§ **Task to complete**: Starting at the line that contains "- 幅3,600㎜×奥行1,800㎜×高さ2,400㎜", transcribe each line exactly through the end of the data below, and skip any pictures.

*** Opening of Data for this exercise ***

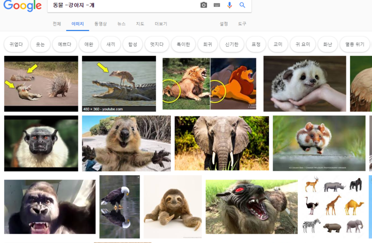 밑에 검색결과 이미지가 나오는거처럼 강아지, 고슴도치, 펭귄, 사자등
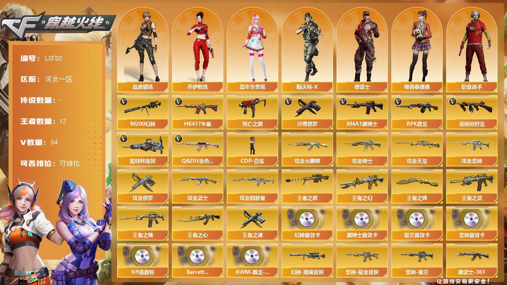 [17580402]幻神三件套,河北一区-59V-12王者武器数-7炫金武器数 【热门武器】:QBZ03-金色蔷薇*2,HK417-朱雀,M200-幻神,死亡之眼,M4A1-黑骑士*5,汤姆逊-烈龙*5,RPK-盘龙,加特林-炼狱,COP-白鲨,沙鹰-修罗*3 【王者炫金武器】:王者之幻,王者之武,王者之魄,王者之心,王者之怒,王者之魂,王者之锋,炫金火麒麟,炫金骑士,炫金雷神,炫金武士,炫金超新星,炫金天龙,炫金修罗 【音效卡】:M200-幻神音效卡,M4A1-雷神音效卡,M4A1-黑骑士音效卡,Barrett-毁灭音效卡,N9语音包,Barrett-碧霄极光音效卡,AWM-昌龙-怀旧音效卡 【皮肤】:幻神-周瑜皮肤,雷神-能量核心,雷神-星空,雷神-耀金皮肤,AK47-火麒麟-传奇EVEN,火麒麟-轻羽皮肤,火麒麟-心动糖果,毁灭-荣耀之怒,毁灭耀金皮肤,M4A1-千变-孔明皮肤,黑骑士-暗月,AK47-黑武士-361,战神-粉色甜心皮肤,战神-紫绶金章皮肤,战神-流金岁月皮肤,AK47-B-常胜将军-曹操,AK47-B-常胜将军-孙权,AWM-天龙-传奇70KG,修罗-能量核心 【角色】:樱,战地猎狐,王者春,乔伊教练,修道士,空,风暴女*2,嘉年华灵狐,零-水下丽影,潘多拉-X,潜龙队-X,斯沃特-X,蜀雪,铁骑荣耀,新娜塔莎,樱-青春偶像,影武者-X,职业选手 【人偶武器】:COP-白鲨,AWM-灵狐-15周年嘉年华,M37-葵,COP-旗袍,迷你深渊冰龙,迷你牛牛,深渊终结者手雷,闪光弹-小乔,闪光弹-貂蝉,高爆手雷-大乔,迷你艾比 【暴走生化】:死亡之眼,超级对讲机 【挑战大师】:致命乱世-超越Max,冰龙粉碎者-白马银枪,神圣爆裂者-末日III*2 【英雄级武器】:M4A1-千变*2,AK47-火麒麟*2,M4A1-黑龙,M4A1-雷神*3,M4A1-黑骑士*5,AK47-黑武士,AK12-天启*2,HK417-朱雀,M4A1-玫瑰精灵,QBZ03-金色蔷薇*2,王者之势-觉醒版,王者之戮-觉醒版,AK-47-猩红传说,AK47-B-战神,黑骑士-海王,AK47-B-常胜将军,机械迷城-穹宇,AK47-B-身先士卒,AK47-B-战士*2,AWM-天龙,Barrett-毁灭,M200-幻神,Barrett-朱雀,王者之决-觉醒版,RPK-盘龙,加特林-炼狱,汤姆逊-烈
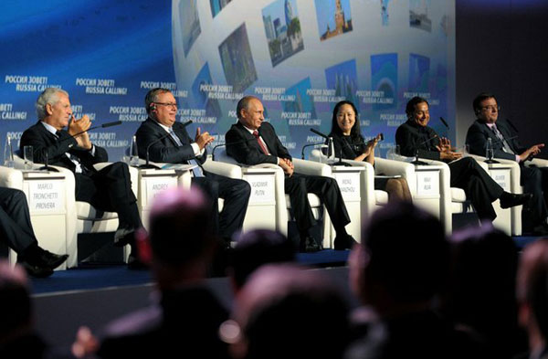 Вообще мало кого могли бы удивить слова Германа Грефа, если бы они были произнесены не на пленарной сессии, а в кулуарах того же форума — постоянные аплодисменты, которыми прерывались слова главы Сбербанка, говорили о том, что многие в зале думают примерно о том же и примерно так же.
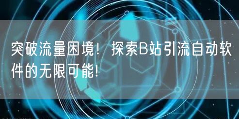 随着互联网的快速发展,内容平台竞争日益激烈,流量获取的难度越来越大。如何突破流量困境,成为摆在我们面前的一大挑战。本文将带你探索如何利用B站引流自动软件,挖掘内容营销的潜力,实现无限增长的可能性。
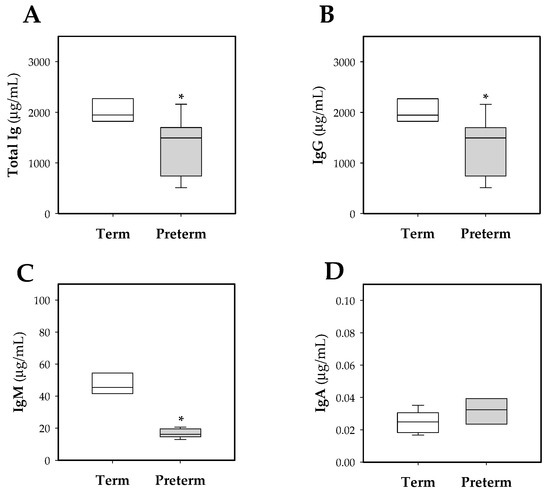 Box plot of plasmatic Ig concentrations at day 10 of life in both experimental groups. Total Ig (A), IgG (B), IgM (C), IgA (D). Line indicates the median, box shows the interquartile range (IQR) and the whiskers are 1.5 × IQR (n = 10 pups per group). Statistical differences: * p < 0.05 vs. term group.
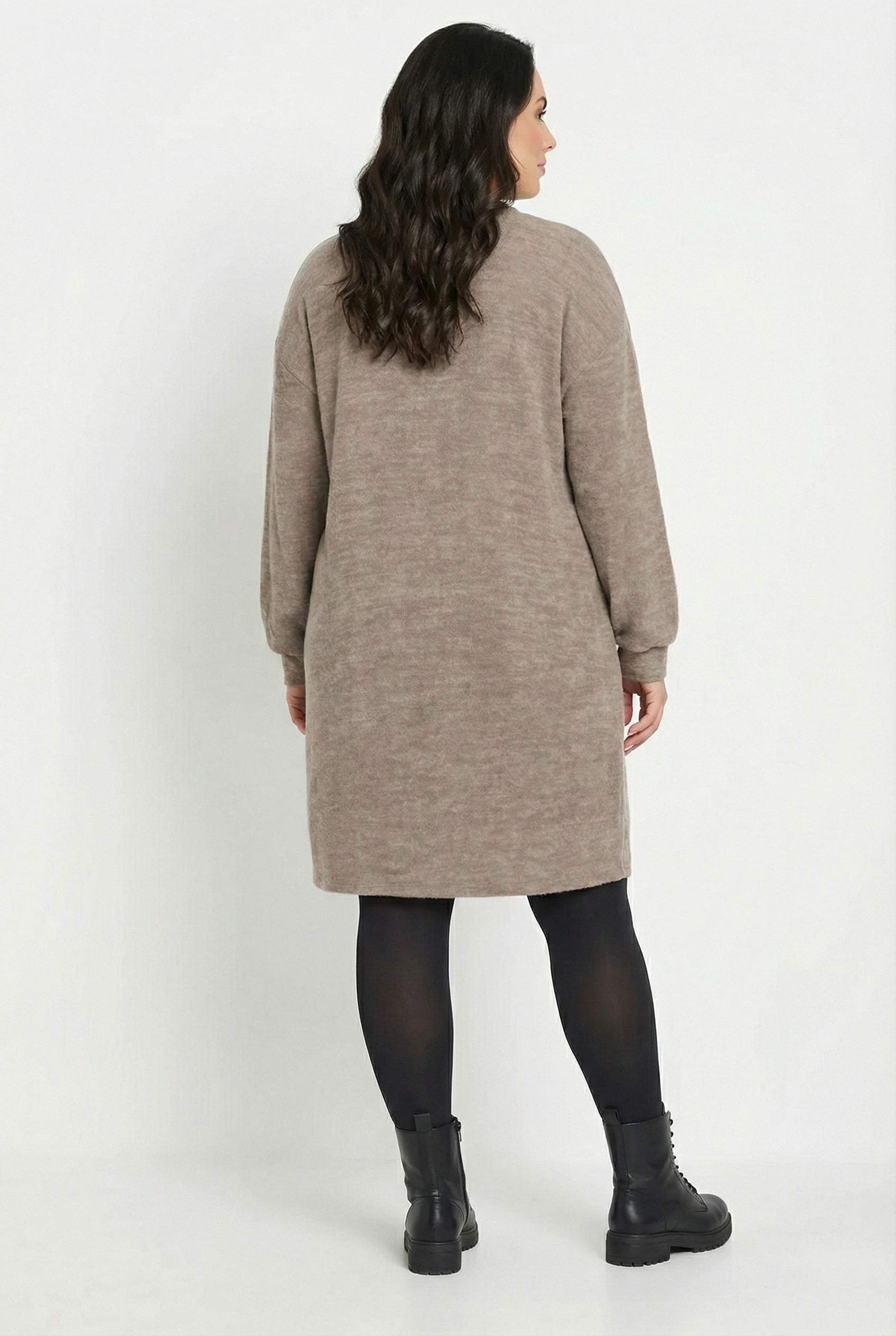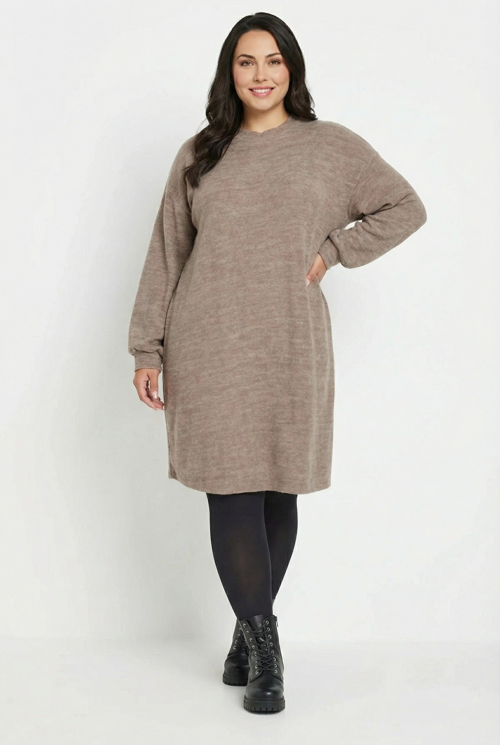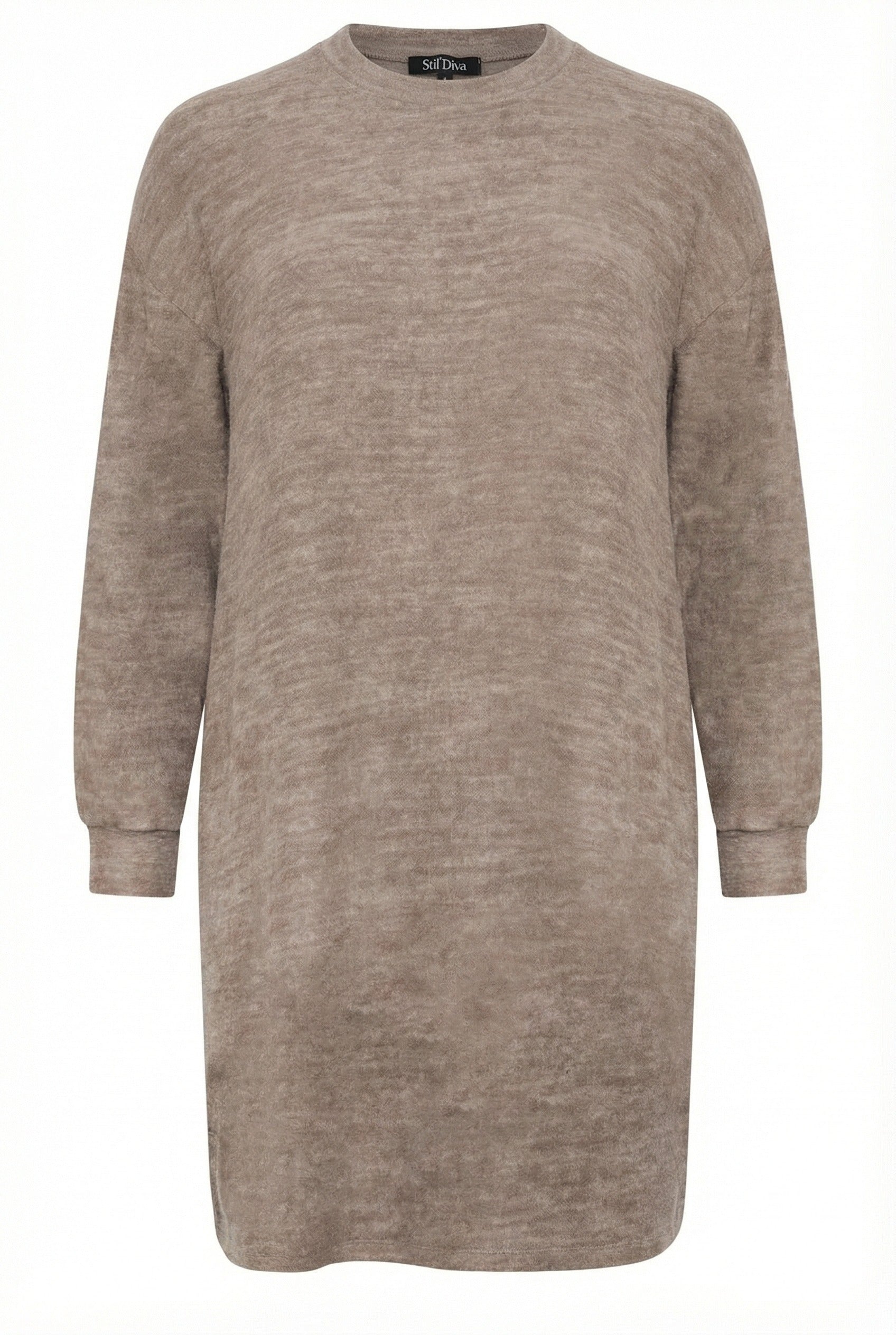שמלה במידות גדולות שרוול ארוך צווארון עגול מרקם רך מיני 321599
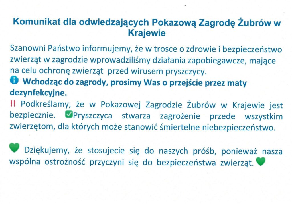 Nadleśnictwo Dwukoły wydało ważny komunikat dla osób odwiedzających Pokazową Zagrodę Żubrów na Krajewie w Mławie. W związku z zagrożeniem pryszczycą wprowadzone zostały specjalne środki ostrożności mające na celu ochronę zwierząt.
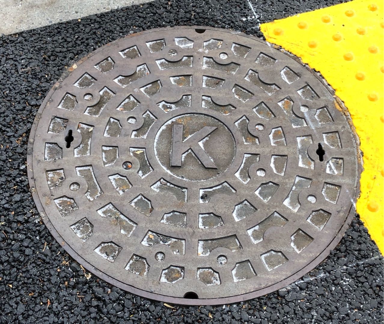 信濃町駅前には慶応大学病院があって、マンホールの蓋が慶応の
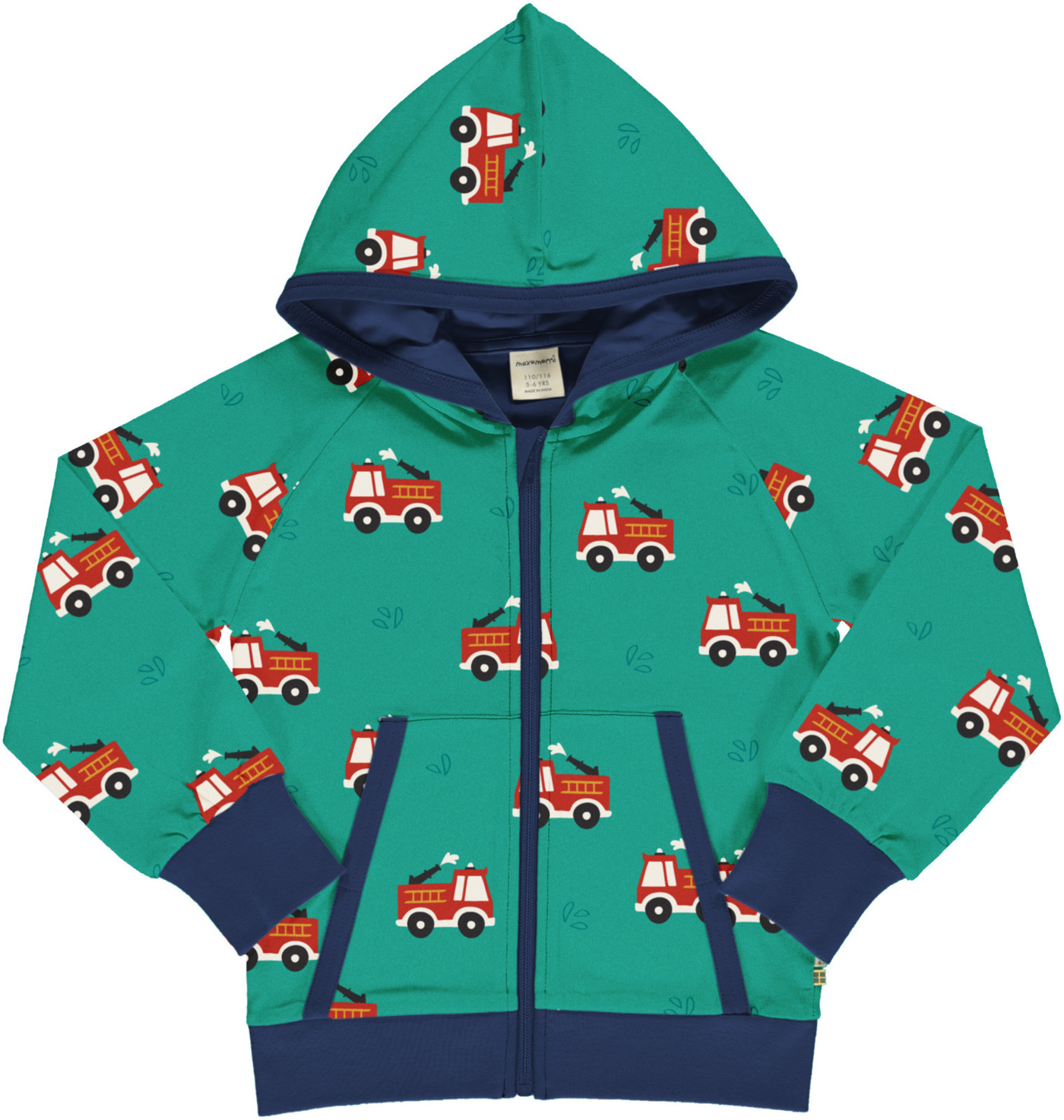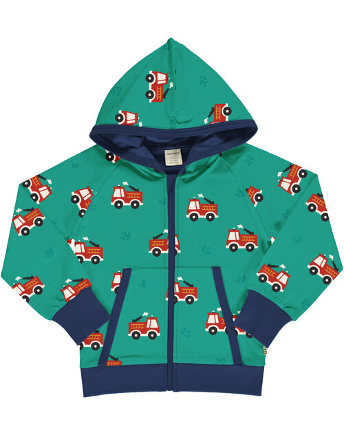 Maxomorra Sweatjacke mit Kapuze aus Baumwolle mit Feuerwehr FIRE TRUCK - Grün
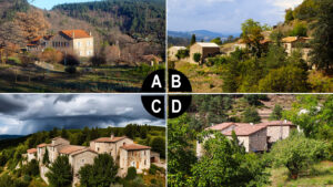Saurez-vous retrouver le faux hameau ? La fausse image est la C. Elle a été créée par une intelligence artificielle en lui demandant de générer
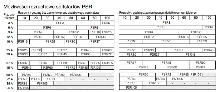 Soft starty ABB z rodziny PSR współpracują z silnikami asynchronicznymi o prądzie od 3A do 105A, i napięciu 208-600 V. Napięcie sterowania urządzeń to 24 V DC albo 230 V AC. Urządzenia przystosowane są do montażu na szynie DIN oraz na płycie montażowej przy pomocy śrub. Kolejna zaletą softstartów ABB PSR jest to, iż posiadają zabudowany stycznik by-pass. Układu łagodnego rozruchu z tej serii współpracują z wyłącznikami silnikami MMS, oraz dysponują przekaźnikiem sygnalizacyjnym RUN.
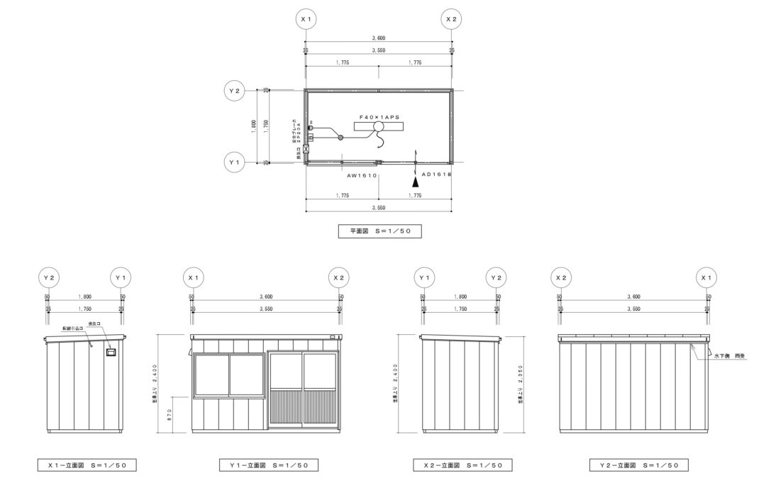 - 幅3,600㎜×奥行1,800㎜×高さ2,400㎜
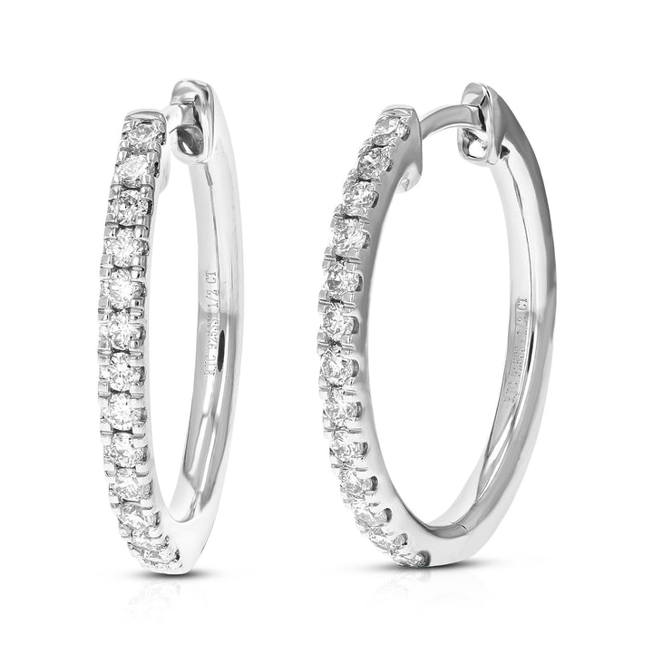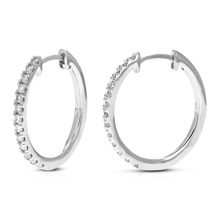 Made in .925 sterling silver with 1/2 cttw of lab-grown round diamonds, H-I color, SI1-SI2 clarity. Set with 26 prong-set diamonds. Hoop dimensions: 21mm height (3/4 inch), 2mm width (1/10 inch).

*** Close of Data for this exercise ***

§ **Written reply**:
 - 幅3,600㎜×奥行1,800㎜×高さ2,400㎜
 Made in .925 sterling silver with 1/2 cttw of lab-grown round diamonds, H-I color, SI1-SI2 clarity. Set with 26 prong-set diamonds. Hoop dimensions: 21mm height (3/4 inch), 2mm width (1/10 inch).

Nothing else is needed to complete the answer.